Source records
· · · · · · ·

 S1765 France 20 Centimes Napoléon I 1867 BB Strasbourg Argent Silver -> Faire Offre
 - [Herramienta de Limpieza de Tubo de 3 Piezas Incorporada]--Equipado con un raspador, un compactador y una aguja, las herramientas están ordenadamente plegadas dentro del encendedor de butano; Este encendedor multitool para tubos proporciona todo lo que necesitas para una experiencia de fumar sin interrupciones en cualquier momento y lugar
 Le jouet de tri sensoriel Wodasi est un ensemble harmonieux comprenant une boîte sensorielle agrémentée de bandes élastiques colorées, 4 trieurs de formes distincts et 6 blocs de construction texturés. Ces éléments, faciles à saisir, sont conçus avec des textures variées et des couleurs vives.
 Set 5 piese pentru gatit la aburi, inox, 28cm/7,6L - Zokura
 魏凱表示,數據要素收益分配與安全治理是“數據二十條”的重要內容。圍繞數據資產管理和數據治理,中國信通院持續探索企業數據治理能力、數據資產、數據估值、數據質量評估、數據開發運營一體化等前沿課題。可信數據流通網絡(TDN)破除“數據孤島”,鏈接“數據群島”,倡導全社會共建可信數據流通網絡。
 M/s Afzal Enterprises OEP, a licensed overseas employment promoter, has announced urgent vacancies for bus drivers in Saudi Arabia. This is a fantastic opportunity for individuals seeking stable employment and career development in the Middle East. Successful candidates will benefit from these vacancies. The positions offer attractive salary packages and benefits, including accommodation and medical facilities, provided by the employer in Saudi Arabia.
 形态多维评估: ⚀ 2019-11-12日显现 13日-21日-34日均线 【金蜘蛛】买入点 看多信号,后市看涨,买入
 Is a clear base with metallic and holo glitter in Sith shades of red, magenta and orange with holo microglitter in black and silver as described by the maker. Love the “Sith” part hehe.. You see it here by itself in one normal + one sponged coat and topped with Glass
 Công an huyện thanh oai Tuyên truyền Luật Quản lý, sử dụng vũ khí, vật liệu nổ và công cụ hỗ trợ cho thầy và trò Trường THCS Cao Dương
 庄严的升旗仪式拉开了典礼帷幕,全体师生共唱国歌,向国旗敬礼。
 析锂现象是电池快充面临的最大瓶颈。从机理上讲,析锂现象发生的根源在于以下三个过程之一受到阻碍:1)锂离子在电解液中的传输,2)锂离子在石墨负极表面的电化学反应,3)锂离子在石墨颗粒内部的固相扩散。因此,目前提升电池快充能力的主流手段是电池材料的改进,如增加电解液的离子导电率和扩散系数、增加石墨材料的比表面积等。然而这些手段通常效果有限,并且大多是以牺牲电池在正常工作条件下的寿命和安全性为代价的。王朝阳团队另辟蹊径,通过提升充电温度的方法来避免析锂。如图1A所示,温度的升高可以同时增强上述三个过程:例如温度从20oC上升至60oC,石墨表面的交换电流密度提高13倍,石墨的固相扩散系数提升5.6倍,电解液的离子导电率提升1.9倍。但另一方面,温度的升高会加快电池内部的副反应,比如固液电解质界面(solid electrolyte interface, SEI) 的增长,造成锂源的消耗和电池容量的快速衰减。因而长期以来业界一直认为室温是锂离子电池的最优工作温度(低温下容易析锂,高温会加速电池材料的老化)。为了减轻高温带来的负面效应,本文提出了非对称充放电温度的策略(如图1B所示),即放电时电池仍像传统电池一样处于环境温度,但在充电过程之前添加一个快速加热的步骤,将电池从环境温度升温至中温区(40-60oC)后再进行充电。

· · · · · · ·

Give back every line from the beginning of the records through the line holding "- [Herramienta de", exactly as it reads, and leave out the rest.

 S1765 France 20 Centimes Napoléon I 1867 BB Strasbourg Argent Silver -> Faire Offre
 - [Herramienta de Limpieza de Tubo de 3 Piezas Incorporada]--Equipado con un raspador, un compactador y una aguja, las herramientas están ordenadamente plegadas dentro del encendedor de butano; Este encendedor multitool para tubos proporciona todo lo que necesitas para una experiencia de fumar sin interrupciones en cualquier momento y lugar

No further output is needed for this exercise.